### Exercise brief
Your answer should repeat exactly the lines from the one holding "準備体操も「エアー縄跳び」や" through the end of the data, and it should contain no pictures.

Data records
****

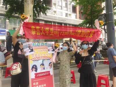 4 合肥庐阳中学考点,“亲友团”拉起了庆祝横幅。 ■ 王珊珊
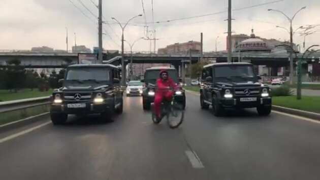 В Краснодаре велосипедист в сопровождении трех внедорожников Mercedes Gelandewagen перекрыл проезжую часть одной из улиц. Соответствующий видеоролик появился в пятницу в инстаграме. На короткой видеозаписи, выложенной пользователем shiko_azmani, велосипедист днем неспешно едет по одной из оживленных улиц. Сзади и по бокам его "прикрывают" три внедорожника, которые сдерживают поток автомобилей позади велосипедиста. Подписчики одобрительно прокомментировали заезд, реакции ГИБДД на видеоролик пока нет.
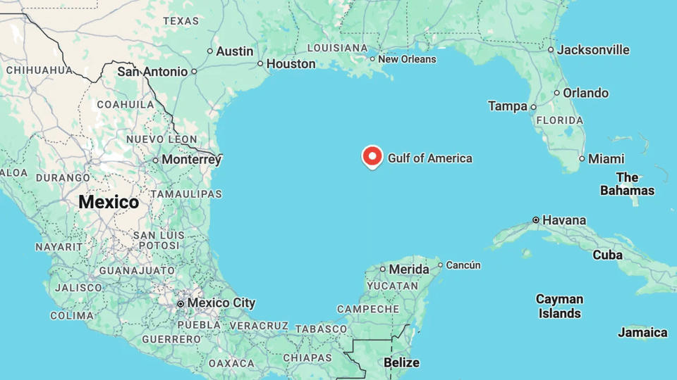 „გუგლ მეფის“ აშშ-ში დარეგისტრირებული მომხმარებლებისთვის, წარსულში „მექსიკის ყურით“ ცნობილი ტერიტორია, „ამერიკის ყურის“ სახელწოდებით გამოჩნდა.
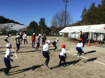 準備体操も「エアー縄跳び」や「グリコのポーズ」など、退屈せずに取り組める内容が多く、楽しそうに行っていました。
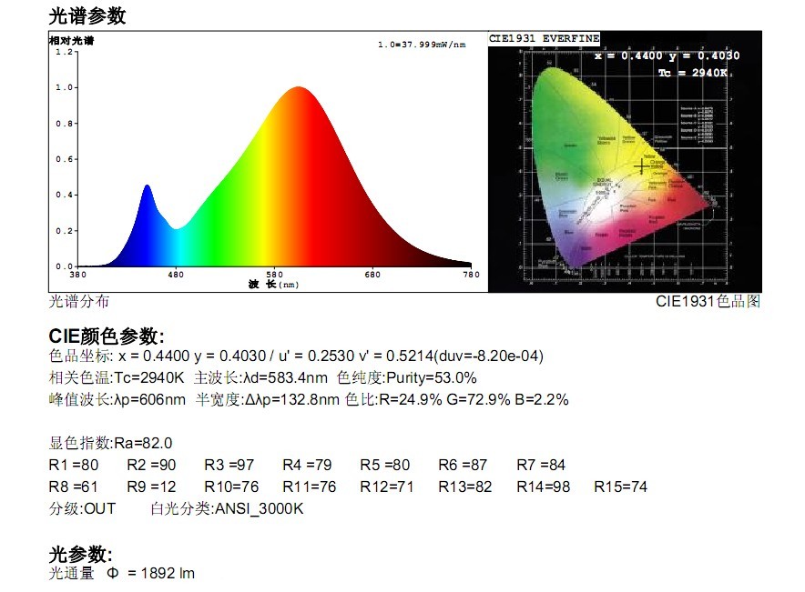 3. 系统功率: 28W±15% 4. 灯具光通量:2000lm

****

### Exercise solution
 準備体操も「エアー縄跳び」や「グリコのポーズ」など、退屈せずに取り組める内容が多く、楽しそうに行っていました。
 3. 系统功率: 28W±15% 4. 灯具光通量:2000lm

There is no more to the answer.